Thanks in advance........


----------



## ssb1551 (Jul 3, 2011)

Some of the Android choices : Nexus S, Samsung I9003. I would recommend LG Optimus Black but there was an issue with it mentioned by gsmarena in its review!! The problem is :
"The in-call quality though is good but rather quiet even at the loudest setting."


----------



## thetechfreak (Jul 3, 2011)

If you want to buy online. Then the Nexus S is for you.  great phone. 1 ghz processor. Lots of Overclock capability


----------



## comp@ddict (Jul 3, 2011)

Nexus S has 720p video recording?

I would prefer the LG Optimus Black over Galaxy SL


----------



## aroraanant (Jul 3, 2011)

Go fot HTC Desire S,its a great phone.u will get it for 21-22k amd its worth it


----------



## NainO (Jul 3, 2011)

If you want a good lookin phone then Optimus Black, else increase your budget by 2k and get either Galaxy S or Desire S.
Forget Galaxy SL


----------



## Amey408 (Jul 3, 2011)

Hey guys just I see LG Optimus Black & LG Optimus 2X, I just love both phone. But should I go for between this 2, because I read some where LG release its Gingerbread update in late Dec. 
Plz tell me the price difference between 2 shop person tell me it’s 5k difference in between 2 , it’s that true?
LG Optimus Black 20k
LG Optimus 2X 25k


----------



## srawat_itpro (Jul 3, 2011)

HTC Desire S, the best phone without a doubt in the price range.. more memory, faster proccy and the HTC advantage.

Rgds
Sandy


----------



## coderunknown (Jul 3, 2011)

Amey408 said:


> Hey guys just I see LG Optimus Black & LG Optimus 2X, I just love both phone. But should I go for between this 2, because I read some where LG release its Gingerbread update in late Dec.
> Plz tell me the price difference between 2 shop person tell me it’s 5k difference in between 2 , it’s that true?
> LG Optimus Black 20k
> LG Optimus 2X 25k



gingerbread update should be there in a couple of months time or sooner. 
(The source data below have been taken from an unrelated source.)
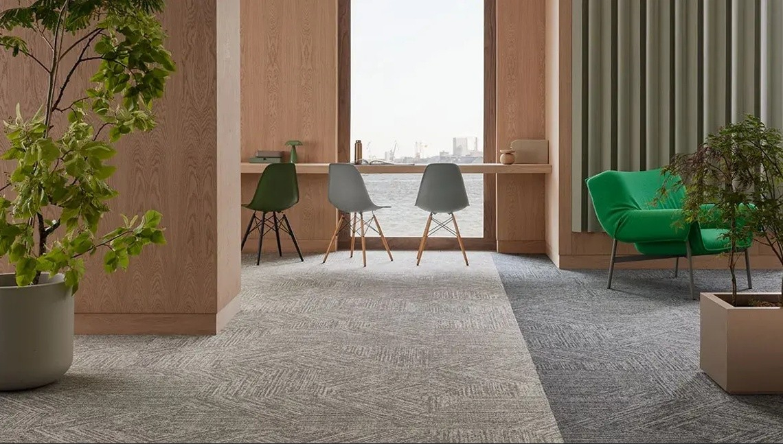 - Wysoka zawartość materiałów z recyklingu: Standardowe płytki dywanowe Tessera zawierają ponad 60% materiałów pochodzących z recyklingu. W serii Evolve+ Forbo zwiększył ten udział, osiągając ponad 75% zawartości recyklingowanej, co znacząco obniża ślad węglowy produktów.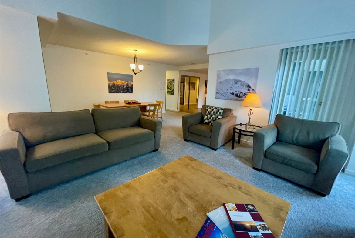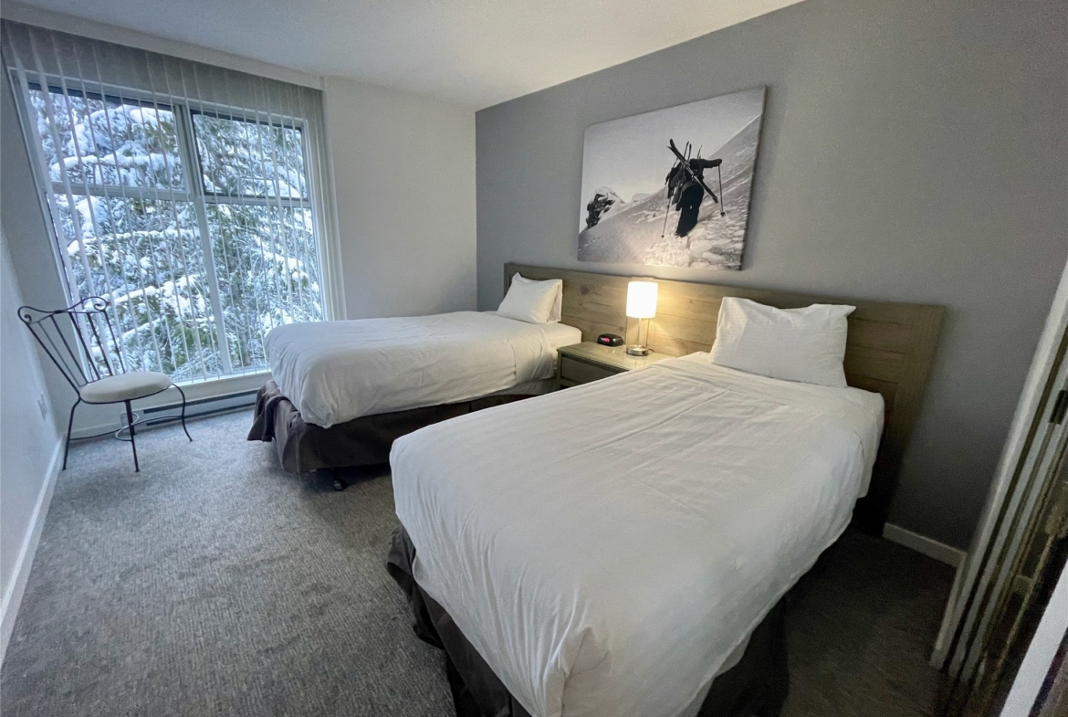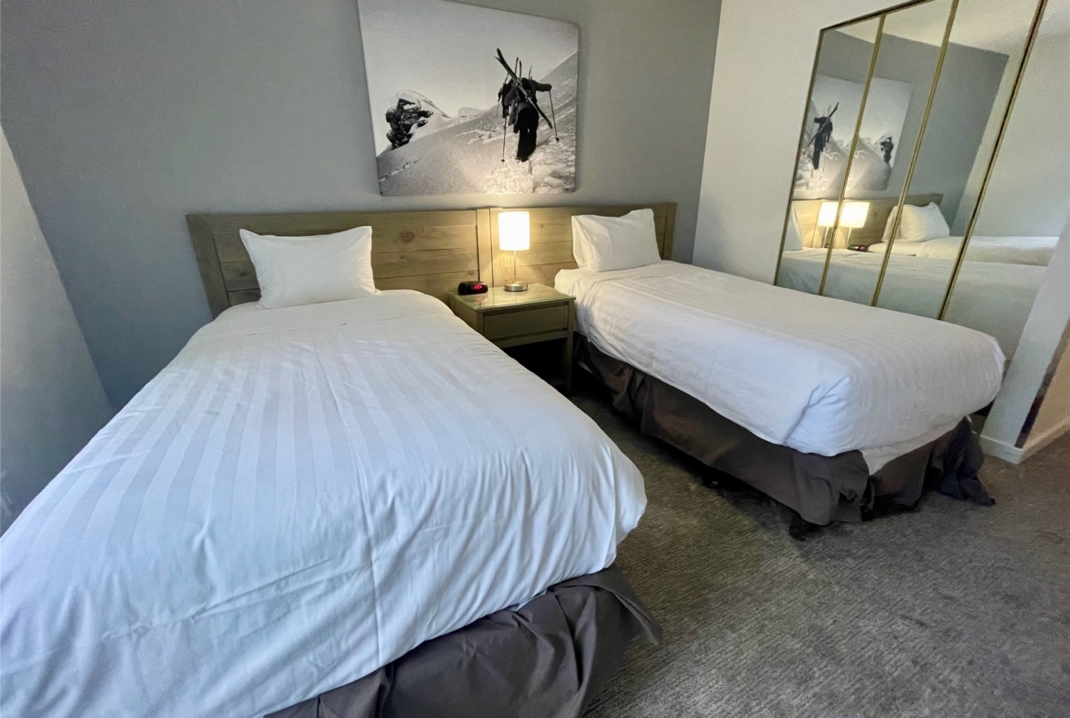 The large open floorplan of unit 319 makes it seem even bigger than it is. King size bed with ensuite bath, comfortable twin beds in the second bedroom and two fully renovated bathrooms.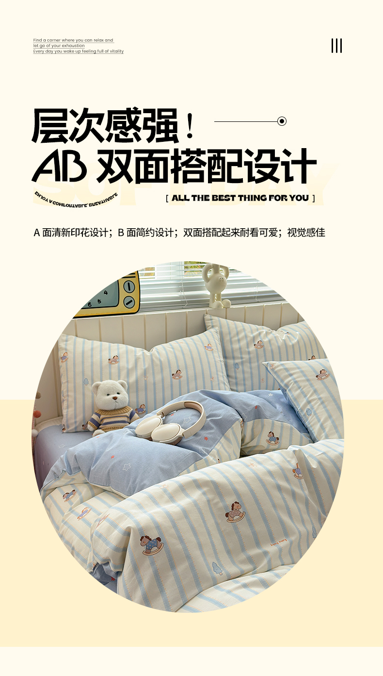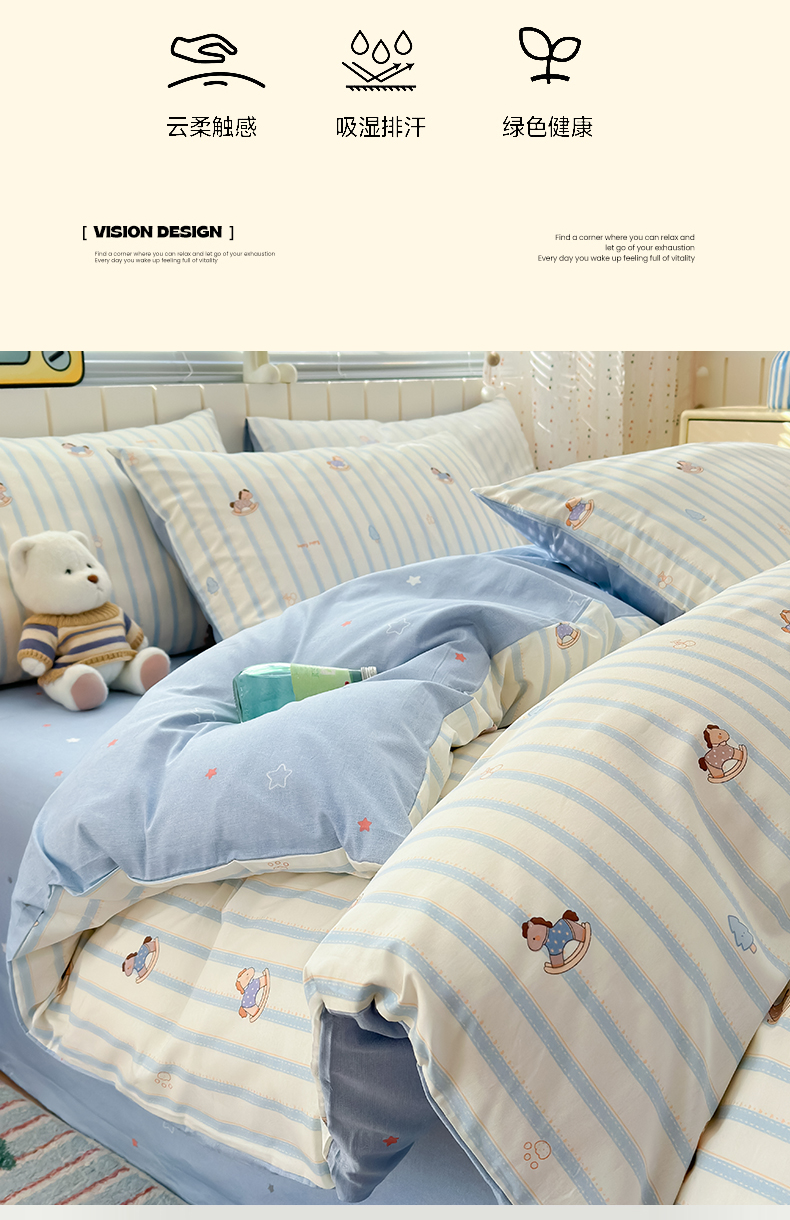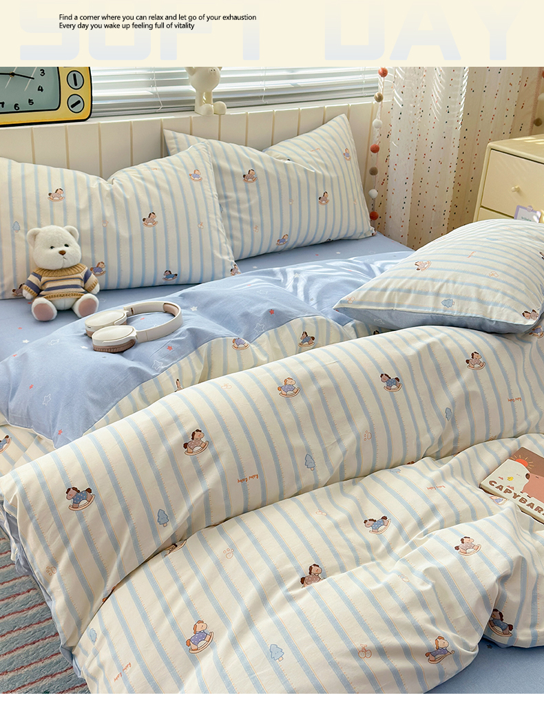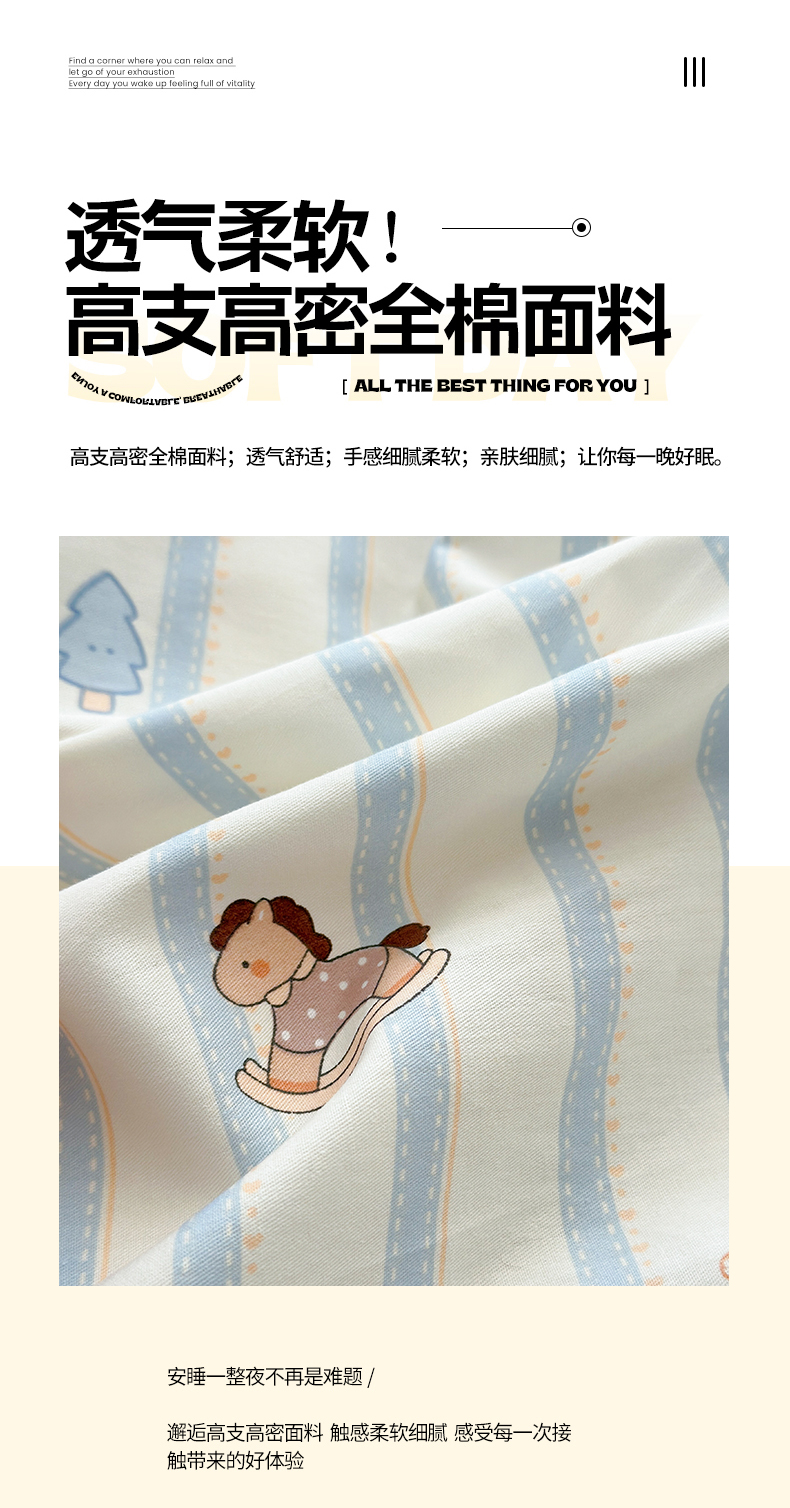 当前位置: 91家纺网 > 商品网购 > 床品套件 > 四件套 > 全棉普通四件套 > 清雅福 2026春夏新款INS小清新40支全棉13372四件套第二批 跷跷马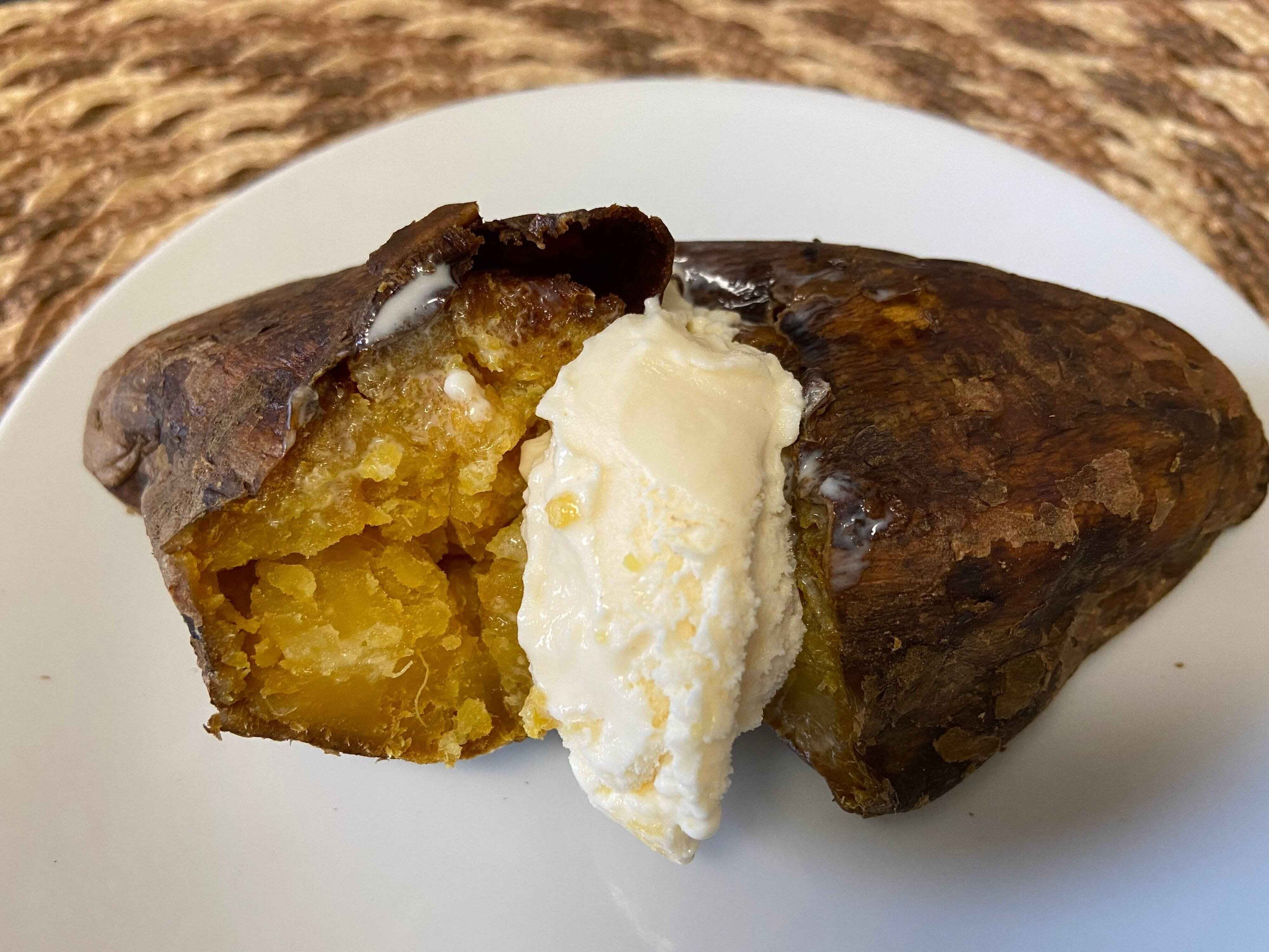 加熱後の焼きいもにバニラアイスをのせてみました。

LG O2X is a dualcore mobile & for 25k the specs are good. whereas Black is a single core mobile (much like Nexus S, Galaxy S, etc) but LG's brand new innovation called Nova Display. if you can spend 25k, get O2X.


----------



## mandar5 (Jul 4, 2011)

Has Galaxy S got 2.3 update?


----------



## desiibond (Jul 4, 2011)

mandar5 said:


> Has Galaxy S got 2.3 update?



Yes. But I think it's not available in India yet. But those who are interested can use upgrades meant for other regions.


----------



## mandar5 (Jul 4, 2011)

when it is xpected in india?


----------



## amitabhishek (Jul 4, 2011)

Look no further. Buy Nexus S.


----------



## LOGINN (Jul 4, 2011)

U CAN GO 4 Motorola MILESTONE XT720,I THINK IT HAS GOT A DIFFRENT LOOK.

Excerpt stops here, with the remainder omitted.